> Problem to solve:
Reproduce word for word the lines between the one containing "ENTERIZO CORTO MANGA" and the end of the entries below, both inclusive; leave out pictures.

> Dataset records:
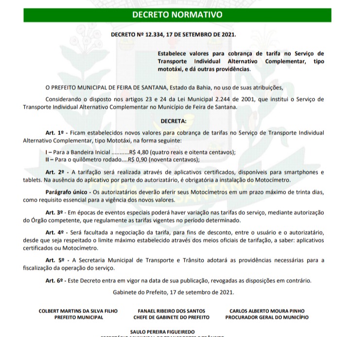 A nova tarifa para Mototaxi em Feira de Santana foi publicado neste sábado (18), no Diário Oficial do Município. O governo estabeleceu que a corrida seja tarifada com R$ 4,80 na largada e mais R$ 0,90 centavos a cada quilômetro rodado. A medida causa estranheza pois encarece ainda mais os serviços empurrado os passageiros para o aplicativo o que deixará os mototaxistas em dificuldade. Se sentar na moto já vai pagar R$ 4,80.
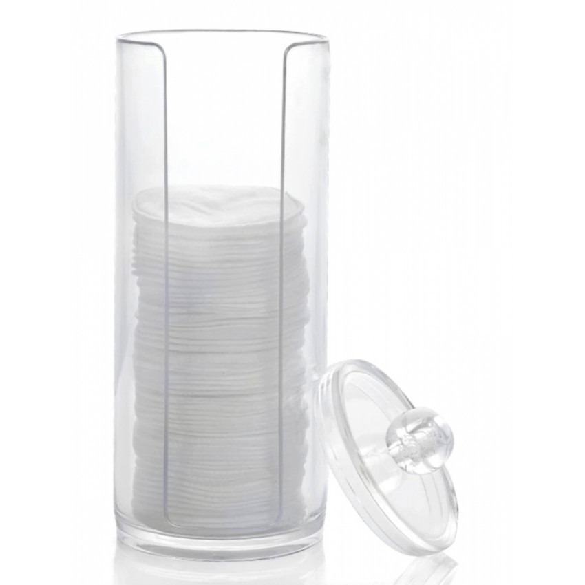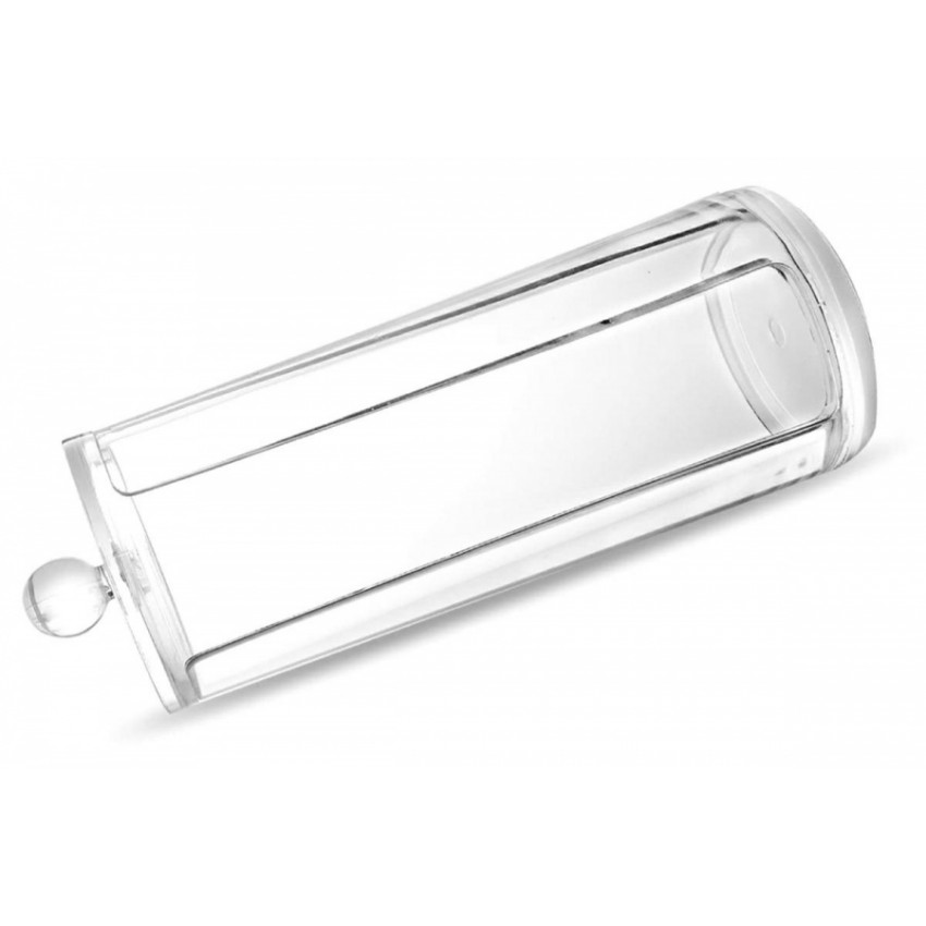 Elegantní a mimořádně praktická nádoba na vatové tampony a vatové tyčinky. Nezbytná v každé koupelně a toaletním stolku. Vyrobeno z odolného, průhledného plastu. Organizér má otevřenou štěrbinu, která usnadňuje vyjímání vatových tamponů. Součástí je také odnímatelné horní víko s rukojetí. Tlumený design a transparentnost zajišťují, že nádoba splývá s pozadím.
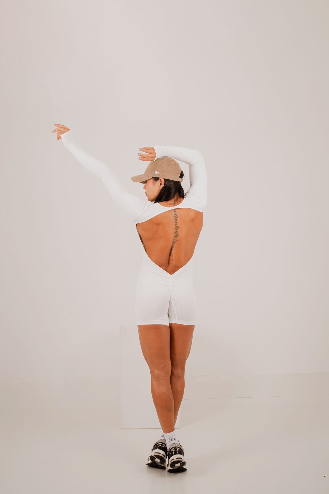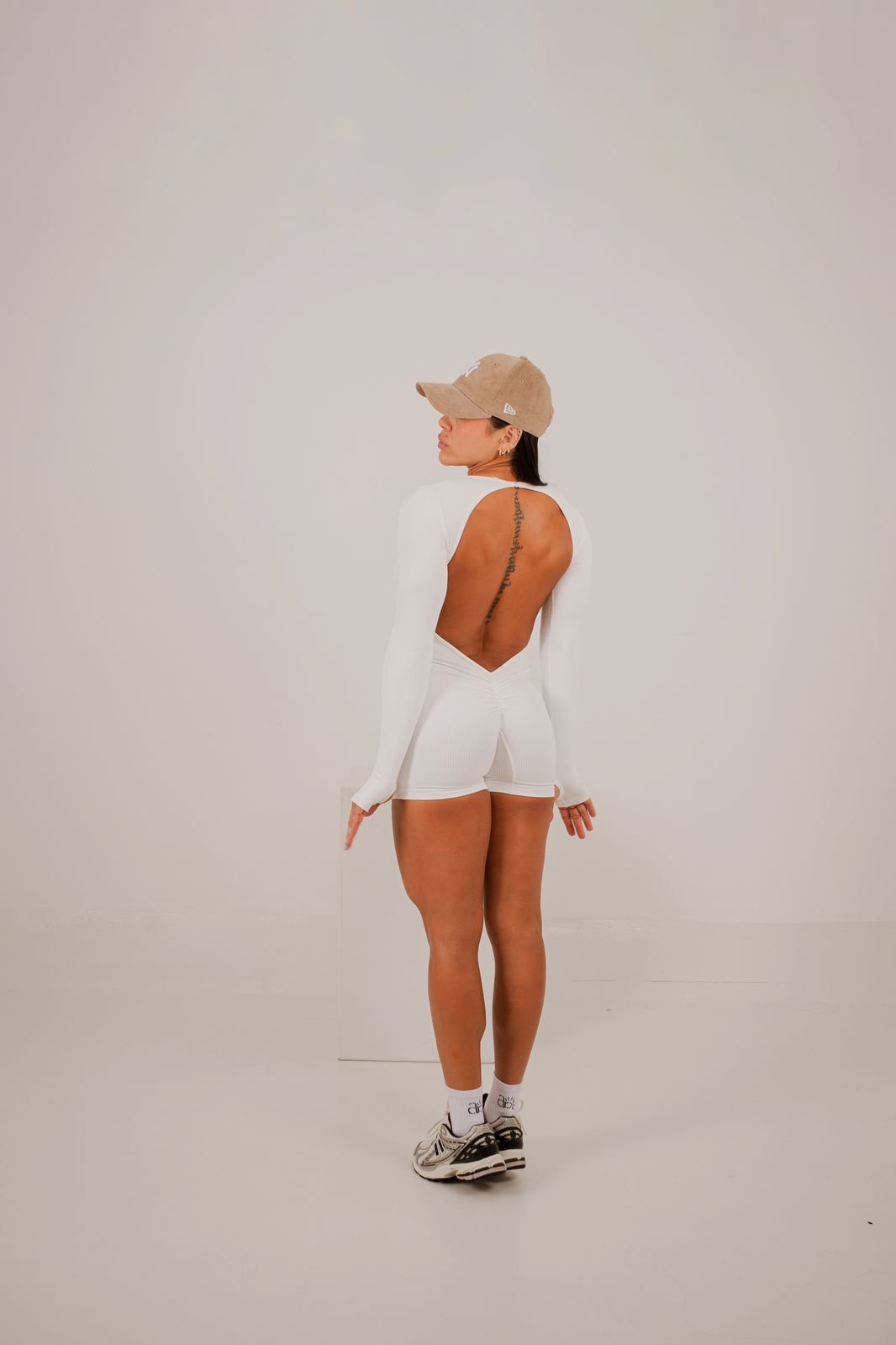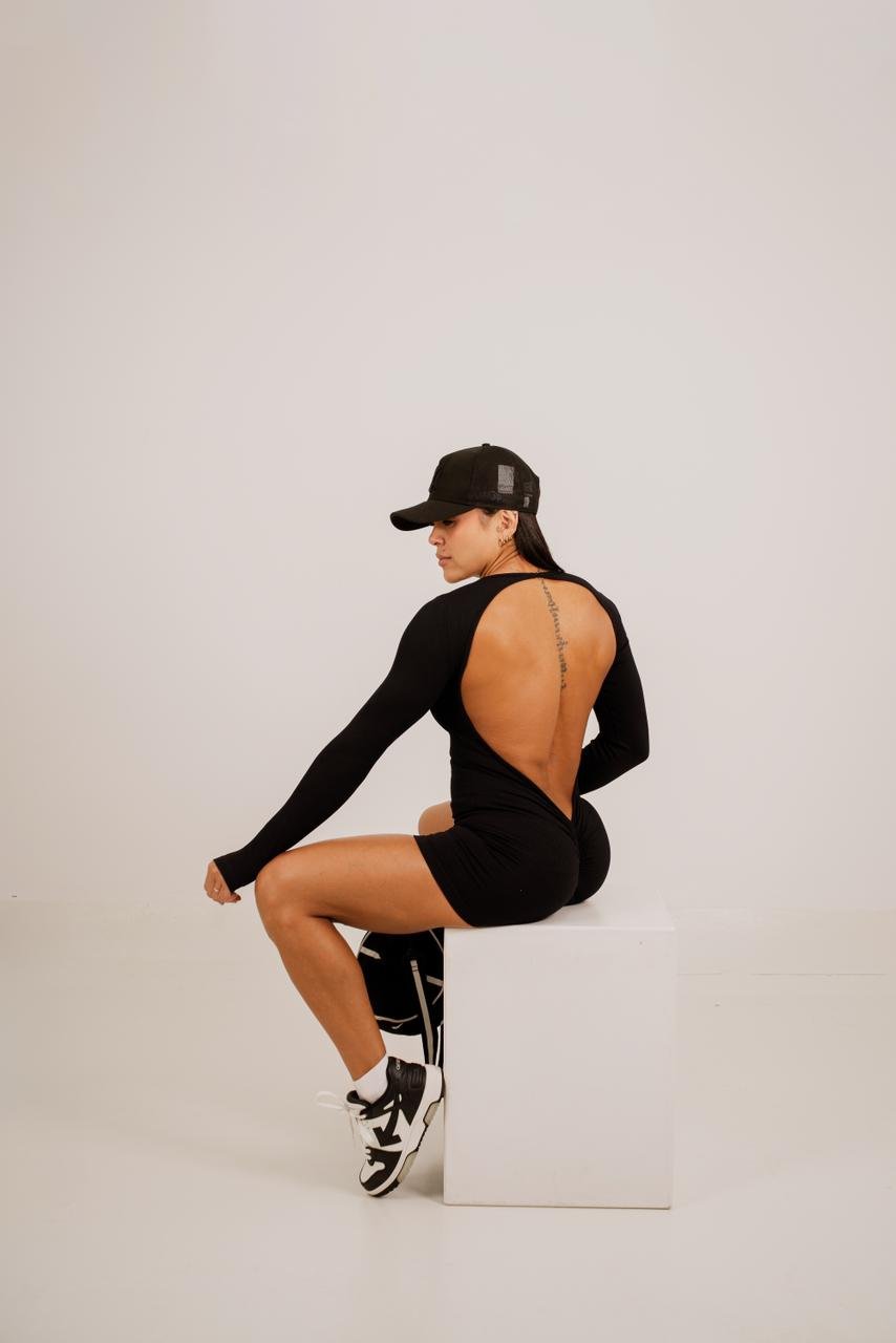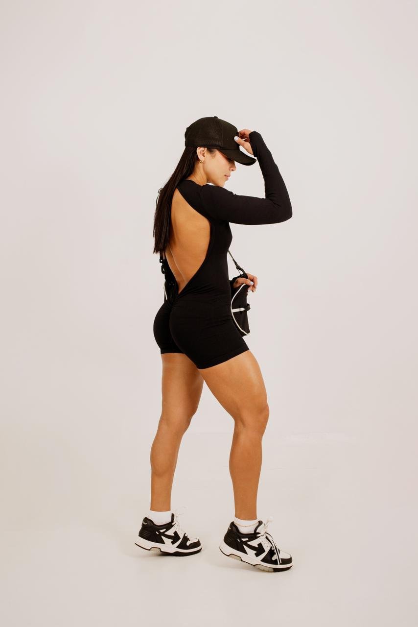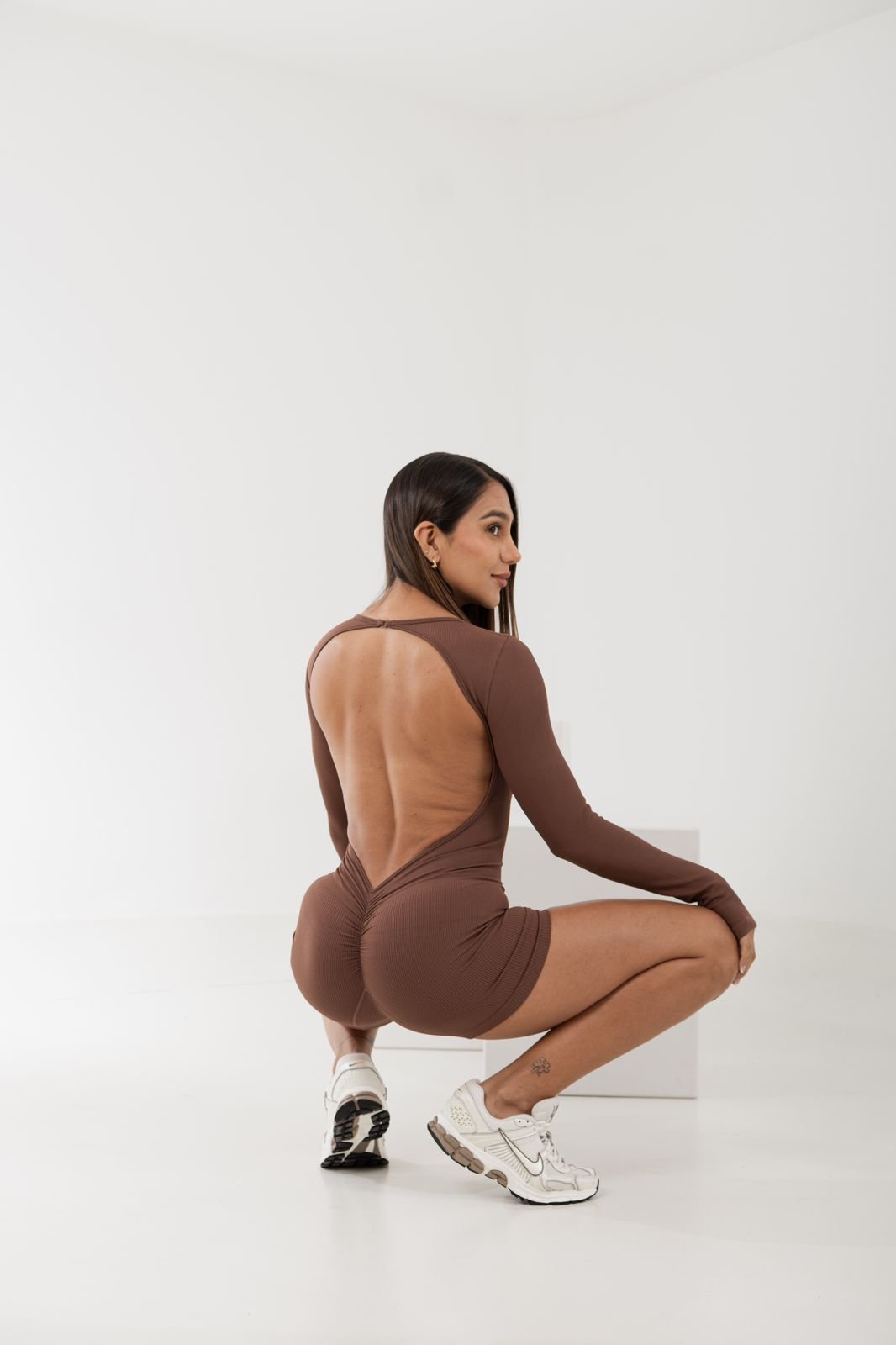 ENTERIZO CORTO MANGA LARGA CON ESCOTE ESPALDA
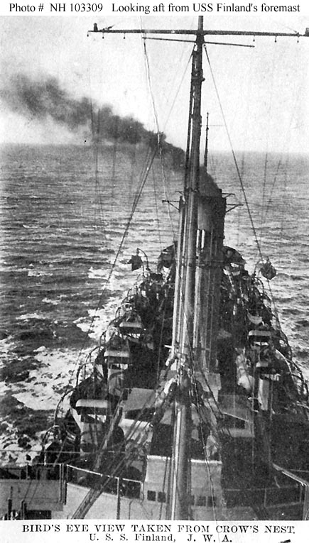 Photo #: NH 103309 USS Finland (ID # 4543) Halftone reproduction of a photograph taken circa 1918-1919, looking aft from the ship's foremast crows' nest, while she was underway at sea. This image is one of ten photographs published circa 1918-1919 in a "Souvenir Folder" of views concerning USS Finland. Donation of Dr. Mark Kulikowski, 2005. U.S. Naval Historical Center Photograph. Online Image: 93KB; 435 x 765 pixels |
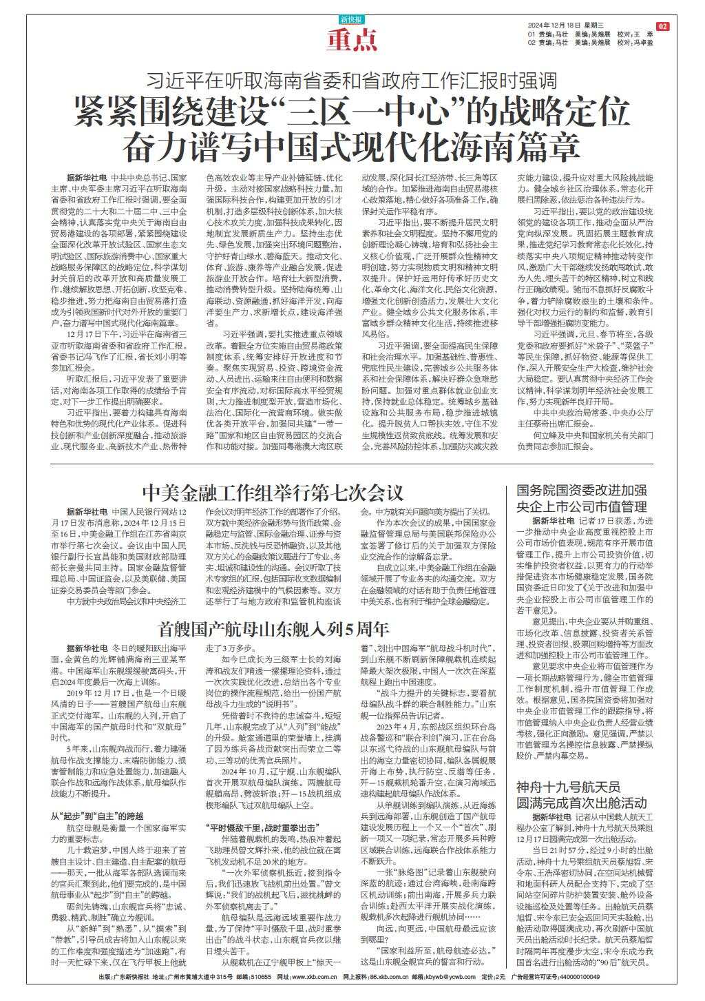 习近平在听取海南省委和省政府工作汇报时强调 紧紧围绕建设“三区一中心”的战略定位 奋力谱写中国式现代化海南篇章
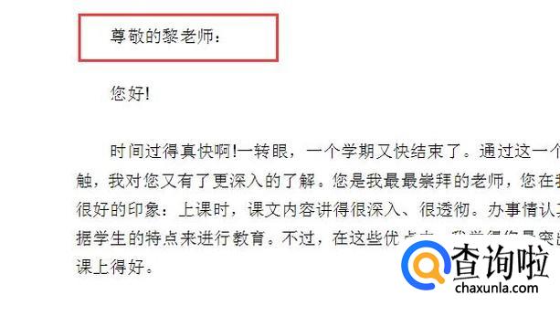 在写书信的时候,首先应该在首行的定格这里写上称谓,然后再加上冒号。当然也可以在称谓的前面加上尊敬的用词。
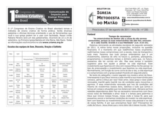 de nosso investimento. Sábado, 19h30: Culto de louvor.

> Answer to the problem:
 ENTERIZO CORTO MANGA LARGA CON ESCOTE ESPALDA
 Photo #: NH 103309 USS Finland (ID # 4543) Halftone reproduction of a photograph taken circa 1918-1919, looking aft from the ship's foremast crows' nest, while she was underway at sea. This image is one of ten photographs published circa 1918-1919 in a "Souvenir Folder" of views concerning USS Finland. Donation of Dr. Mark Kulikowski, 2005. U.S. Naval Historical Center Photograph. Online Image: 93KB; 435 x 765 pixels |
 习近平在听取海南省委和省政府工作汇报时强调 紧紧围绕建设“三区一中心”的战略定位 奋力谱写中国式现代化海南篇章
 在写书信的时候,首先应该在首行的定格这里写上称谓,然后再加上冒号。当然也可以在称谓的前面加上尊敬的用词。
 de nosso investimento. Sábado, 19h30: Culto de louvor.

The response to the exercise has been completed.